The claim that an intervention will avoid 200 premature deaths implies that the lives ‘saved’ will occur within the cohort of recipients of improved stoves. Similarly, the avoided disability adjusted life years will also be enjoyed by those who participate in the project. Am I reading that correctly? But those GBD numbers are related to population statistics, not measured exposure and disease consequence. It reads like an early shot fired in a revolutionary war to enthrone the aDALY.

The ‘uncertain’ assumption that climate change-related temperature increases from continued solid fuel use will be mitigated is contradicted by the fact that biomass burning provides a net-negative GHG forcing. Cleaning up the emissions of OC and burning LPG will provide a net-positive GHG forcing over the next century.

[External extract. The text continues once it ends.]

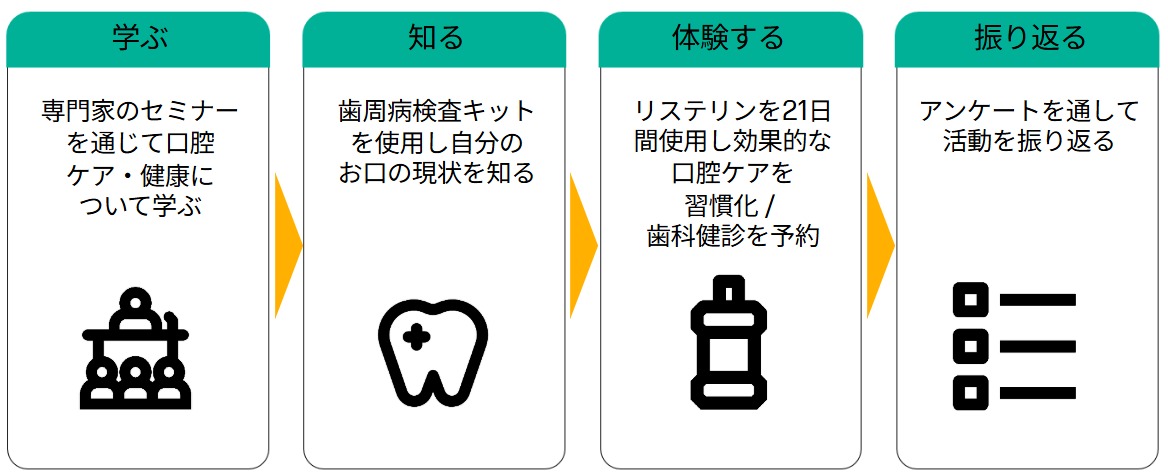 日本で売上No.1*¹の薬用マウスウォッシュ「リステリン®」を展開するKenvue(ケンビュー)は、社員の口腔ケア習慣の定着と健康意識の向上を目的に、「21日間マウスウォッシュチャレンジ」を社内で実施しました。新しい習慣が定着するために必要な期間は21日間であると言われており、今回の企画もその考えを採用しています。このチャレンジは、Kenvueが掲げる「日々のケアがもたらす驚くべき力を解き放つ」というパーパスのもと、社員一人ひとりが自分の健康と向き合い、日々のケアによるポジティブな変化を体験する活動として開始されました。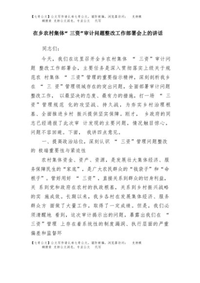 【七哥公文】2025年:在乡农村集体“三资”审计问题整改工作部署会上的讲话+更多免费公文+VX:QiGeGongWen2024

“This method of attributing the climate impacts from radiative forcing has been validated through comparison of the estimated surface temperature responses using ARTPs to the calculated response from several fully-coupled earth system models (Shindell et al 2012, Stohl et al 2015).”

No it has not been “validated”. To date no such set of models has come within two standard deviations of matching global temperatures over the past 20 years, something admitted by Prof Michael Grubb in Nature Geoscience a few days ago, confessing that modeled predictions of any warming by 2100 were ‘on the hot side’. Who knew, right?